Witam wszystkich forumowiczów
Przychodzę do was ponieważ jestem posiadaczem Pandy 1,1 LPG (chyba 8V MPI) i od początku mam z nią problem.
Kupiłem ją w grudniu i jako laik dałem się naciągnąć na informację od poprzedniego sprzedawcy że falujące obroty to wina silnika krokowego przepustnicy i że koszt naprawy to 350zł.
Od tego czasu zrobiłem w tej Pandzie wszystko co zostać zrobione powinno natomiast nie udało mi się pozbyć problemu falujących obrotów.
Gdzie nie pojechałem do Mechanika to słyszałem inną wersję i tutaj trochę o tym co zostało zrobione.
W miedzy czasie padł mi alternator elektro-mechanik zrobił mi go i zauważył check engine i zaproponowal wymianę silnika krokowego bo taki błąd wskazuje komputer. zrobił to ale check engine dalej się pali a obroty falują.
Po tej naprawie byłem u kolejnego mechanika w Gliwicach ( stąd jestem ) podłączył komputer zresetował coś tam i nagle check engine zaczął mrugać, powiedział mi że jest to bardzo zła usterka zaczął grzebać coś polukał pomacał i stwierdził że jest nadpalony kolektor ssący oraz że ciśnienie po otwarciu korka z chłodnicy jest za wysokie i jest do roboty kapa silnika.
Pojechałem do znajomego z ta diagnozą wymienił mi uszczelkę pod głowicą, wyplanował głowicę, wymienił kolektor ssący ( na używkę ale stwierdził że była dożo lepsza od mojej.
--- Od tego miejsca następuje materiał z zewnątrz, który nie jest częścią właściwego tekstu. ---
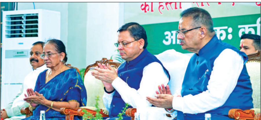
देहरादून में आयोजित कृषक संवाद कार्यक्रम में मौजूद मुख्यमंत्री पुष्कर सिंह धामी और कृषि मंत्री गणेश जोशी। ● अमृत विचार

प्रधानमंत्री ने शनिवार को वाराणसी से प्रधानमंत्री किसान सम्मान निधि की 20वीं किस्त के तहत देश के 9.71 करोड़ से अधिक किसानों के खातों में 20 हजार 500 करोड़ रुपये से अधिक की धनराशि का डिजिटल हस्तांतरण किया। उत्तराखंड के आठ लाख 28 हजार 787 लाभार्थी किसान परिवारों को 184.25 करोड़ रुपये की धनराशि हस्तांतरित की गई। सीएम ने गढ़ीकैट, देहरादून से इस
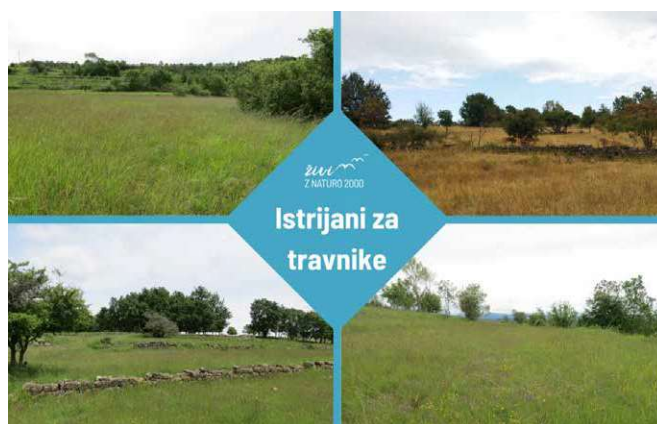
Naslovna fotografija javnega poziva »Istrijani za travnike« - ohranjeni travniki v Slovenski Istri imajo pestro rastlinsko združbo
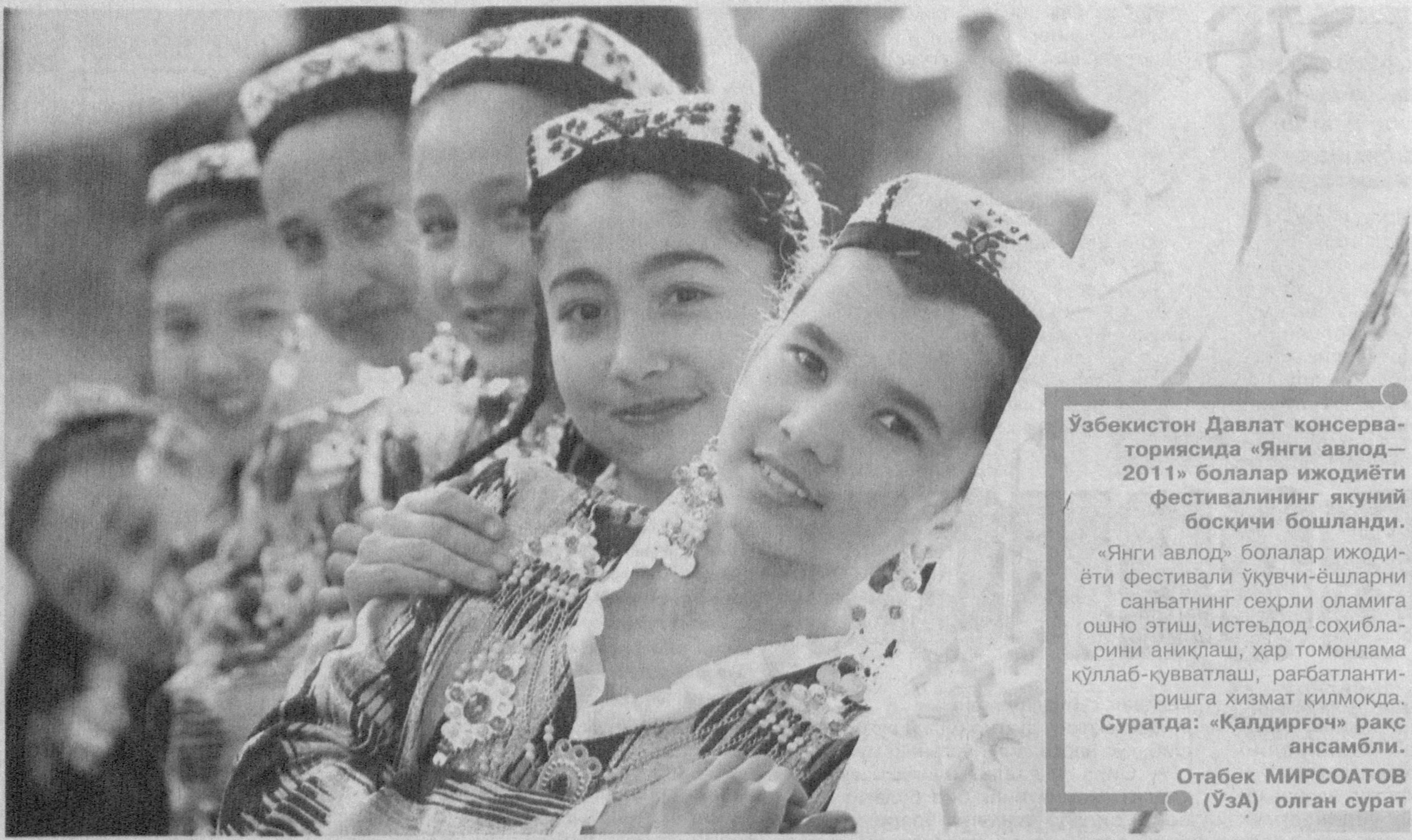
Ўзбекистон Давлат консерваториясида «Янги авлод—2011» болалар ижодиёти фестивалининг якуний босқичи бошланди. «Янги авлод» болалар ижодиёти фестивали ўқувчи-ёшларни санъатнинг сеҳрли оламига ошно этиш, истеъдод соҳибларини аниқлаш, ҳар томонлама қўллаб-қувватлаш, рағбатлантиришга хизмат қилмоқда. Суратда: «Қалдирғоч» ракс ансамбли.

Silnik według niego dużo lepiej chodzi natomiast usterka jak była tak jest.
Zakupiłem na allegro przepustnicę z możliwością zwrotu jeśli nie to nie pomoże, podmienił przepustnicę zaadoptował krokowy i mimo wszystko dalej to samo.
Samochód wrócił do mnie jeżdżę i szukam wyjaśnienia:
Kolejny Mechanik: " silnik dostaje lewego powietrza i przez to faluje, ( miałem delikatnie pęknięta obudowę)
Kolejny Mechanik: " Panie ten samochód był podłączony do internetu i ja się za niego nie biorę, nie chcę pana naciągać" - przynajmniej był uczciwy, zasugerował ze wtrysk jest już zajechany
Kolejny Mechanik: " Sonda Lambda do wymiany"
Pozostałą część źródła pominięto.